In yet another embodiment of the present application, a terminal device is provided, the terminal device including a processor and a memory, the memory for storing a computer program, the computer program including program instructions, the processor for executing the program instructions stored by the computer storage medium. The processor may be a central processing unit (Central Processing Unit, CPU), but may also be other general purpose processors, digital signal processors (Digital Signal Processor, DSP), application specific integrated circuits (Application Specific Integrated Circuit, ASIC), off-the-shelf Programmable gate arrays (FPGAs) or other Programmable logic devices, discrete gate or transistor logic devices, discrete hardware components, etc., which are the computational core and control core of the terminal adapted to implement one or more instructions, in particular adapted to load and execute one or more instructions to implement a corresponding method flow or a corresponding function; the processor of the embodiment of the application can be used for automatic history fit model prediction of the fractured reservoir, and the method comprises the following operations:
step one, a numerical simulation model of the fractured reservoir is established, and a fracture network in the numerical simulation model of the fractured reservoir is divided into large-scale fractures and small-scale fractures.

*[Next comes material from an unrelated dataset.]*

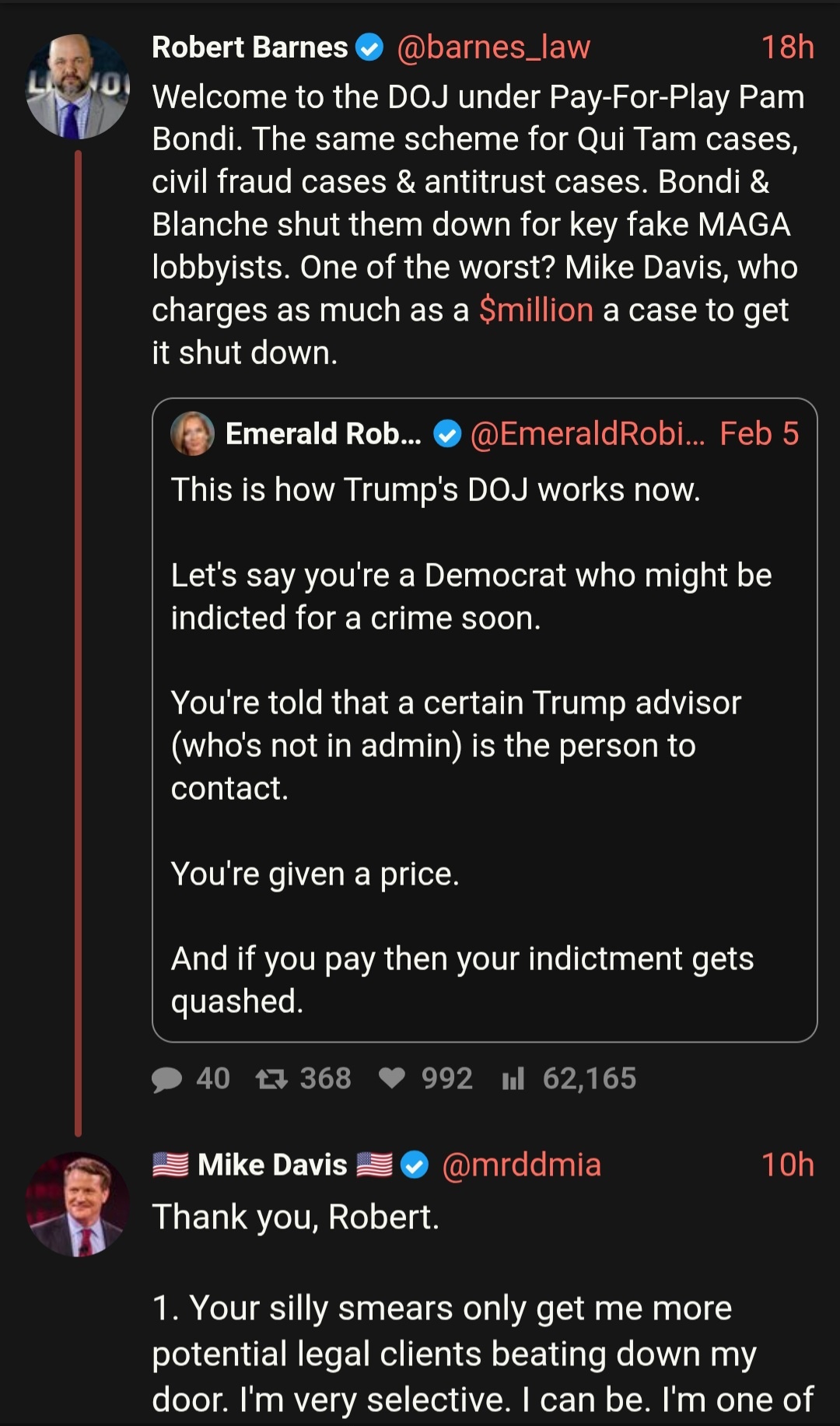 If Mike Davis is taking Bribes to "fix" things, for people willing to pay him to do that in legal cases~ how does this get legally exposed & HOW the hell does Davis, Bondi, Blanche & whoever else is involved get OUTED & HELD ACCOUNTABLE? 🤷‍♀️ NOW!

And step two, respectively parameterizing the large-scale crack and the small-scale crack.
And thirdly, establishing a crack network structure by combining the parameters of the large-scale cracks and the small-scale cracks.
And step four, an improved proxy auxiliary cooperative group optimization algorithm is established through a crack network structure, and in the improved proxy auxiliary cooperative group optimization algorithm, a radial basis function of the radial basis neural network is changed into a radial basis function of an interpolation form.
And fifthly, performing inversion prediction on the fractured reservoir by using an improved agent-assisted collaborative population optimization algorithm and a data-driven-based evolution algorithm, wherein the obtained optimal solution is an actual fracture distribution parameter.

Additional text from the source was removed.